Modur V, Zimmerman G A, Prescott S M, McIntyre T M
Department of Medicine, the Nora Eccles Harrison Cardiovascular Research and Training Institute, University of Utah, Salt Lake City, Utah 84112, USA.
J Biol Chem. 1996 May 31;271(22):13094-102. doi: 10.1074/jbc.271.22.13094.

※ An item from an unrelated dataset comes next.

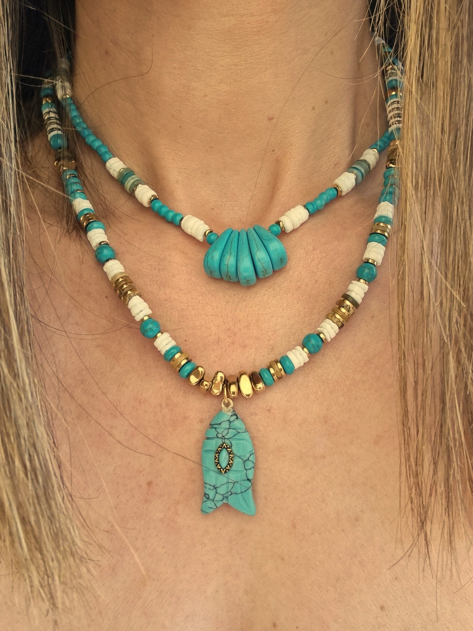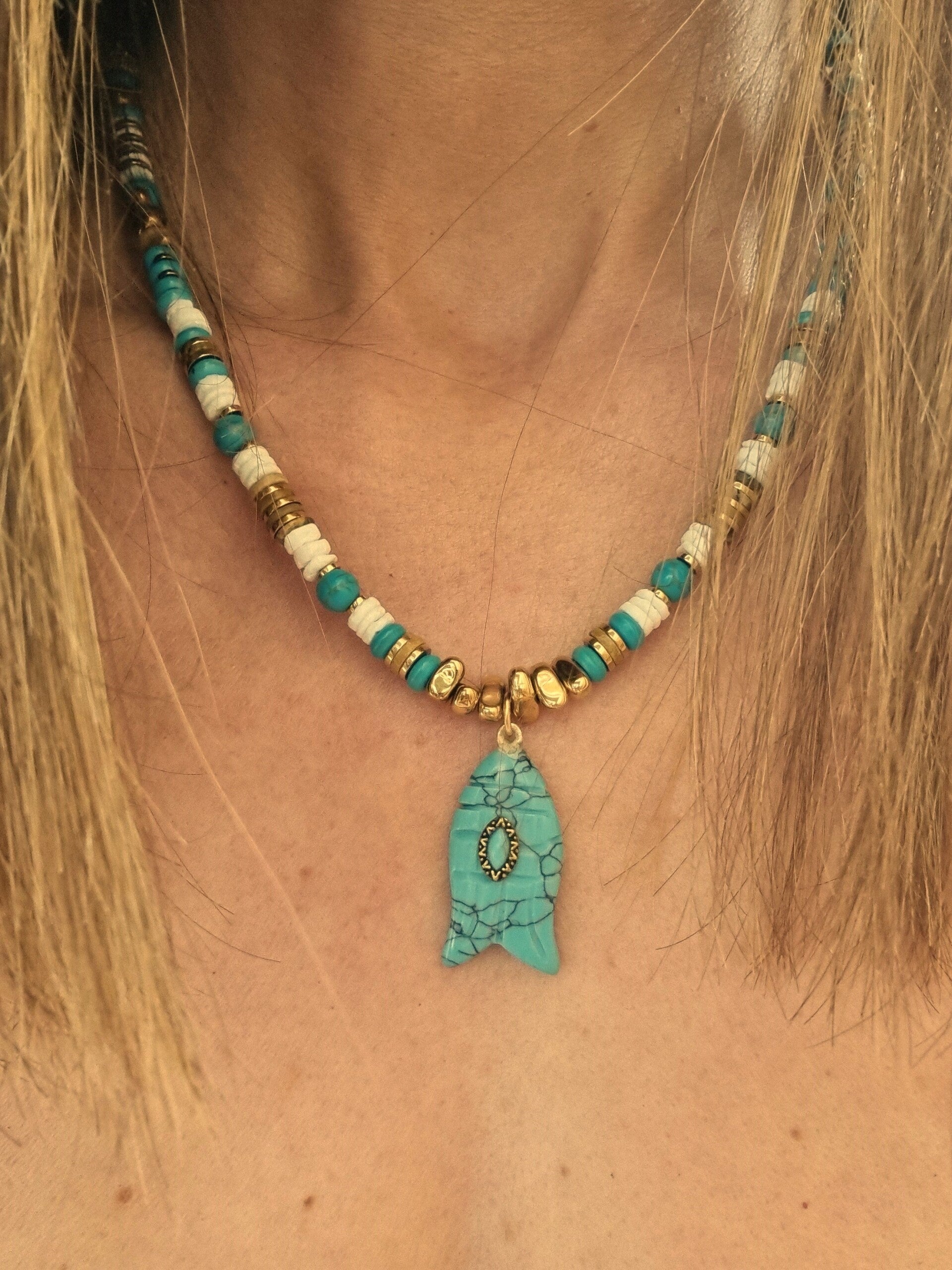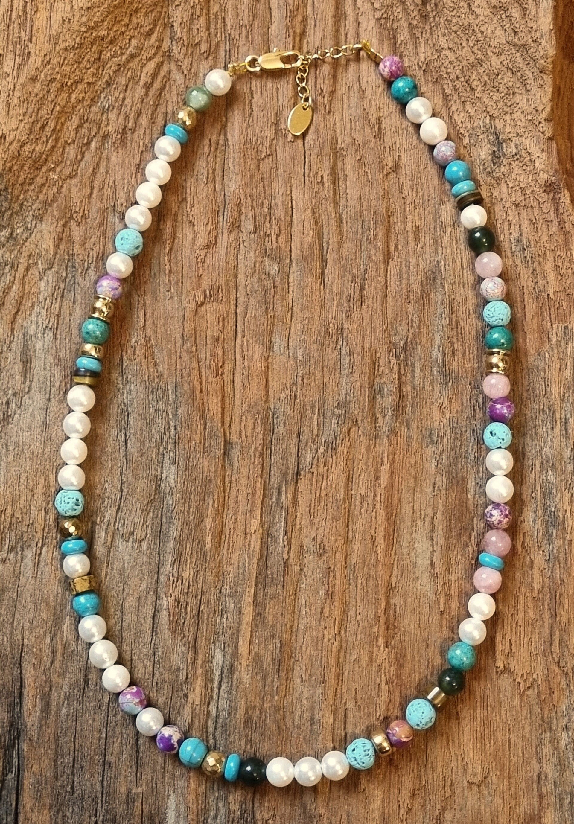 Avec ses teintes fraîches et naturelles, le collier NOE est idéal pour sublimer vos tenues avec une touche bohème chic, tout en portant un bijou chargé de sens.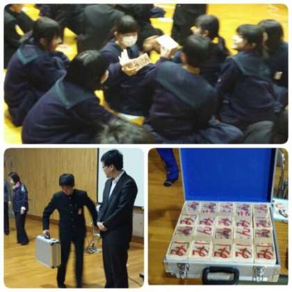 租税教室終了後、税務署から持って来ていただいた一千万円の札束(みほん)を触らせていただきました。最後には、1億円(みほん)の入ったアタッシュケースを持たせていただき、子どもたちにとって貴重な体験をさせていただきました。

Ceramide generation by stimulated sphingomyelinase activity has been implicated in tumor necrosis factor alpha (TNF) signaling of apoptosis and differentiation. We examined the role of ceramide in a major action of TNF: the initiation of inflammatory events. Sphingomyelinase C at high levels induced inflammatory protein expression in endothelial cells resulting in leukocyte adhesion, but the pattern of induction of adhesion molecules (E-selectin, ICAM-1, VCAM-1) and cytokines (interleukins 6 and 8) differed from that induced by TNF. TNF induced only a small increase in ceramide: using lower doses of sphingomyelinase to mimic this we found that small amounts of ceramide did not induce protein expression, but still rapidly activated Raf-1, mitogen-activated protein/extracellular regulated kinase (ERK) kinase (MEK) and ERKs. TNF additionally caused rapid p38 and JNK-1 mitogen-activated protein kinase activation and efficient NF-kappaB translocation, which could not be achieved even by high levels of ceramide. Thus activation of the ERK cascade alone is an incomplete endothelial cell stimulus, and the TNF receptor generates at least two signals: Raf-1 activation, which could be ceramide-dependent; and ceramide-independent efficient NF-kappaB translocation and activation of p38 and JNK-1 mitogen-activated kinases.
受刺激的鞘磷脂酶活性所产生的神经酰胺与肿瘤坏死因子α(TNF)诱导的细胞凋亡及分化信号传导有关。我们研究了神经酰胺在TNF的一项主要作用中的角色:引发炎症反应。高水平的鞘磷脂酶C可诱导内皮细胞表达炎症蛋白,从而导致白细胞黏附,但黏附分子(E-选择素、细胞间黏附分子-1、血管细胞黏附分子-1)和细胞因子(白细胞介素6和8)的诱导模式与TNF诱导的不同。TNF仅使神经酰胺有少量增加:用较低剂量的鞘磷脂酶来模拟这种情况,我们发现少量神经酰胺不会诱导蛋白表达,但仍能快速激活Raf-1、丝裂原活化蛋白/细胞外调节激酶(ERK)激酶(MEK)和ERK。TNF还会导致p38和JNK-1丝裂原活化蛋白激酶快速激活以及有效的核因子κB易位,即使是高水平的神经酰胺也无法实现这一点。因此,仅ERK级联的激活对内皮细胞来说是一种不完整的刺激,并且TNF受体至少产生两种信号:Raf-1激活,这可能依赖于神经酰胺;以及不依赖神经酰胺的有效的核因子κB易位和p38及JNK-1丝裂原活化激酶的激活。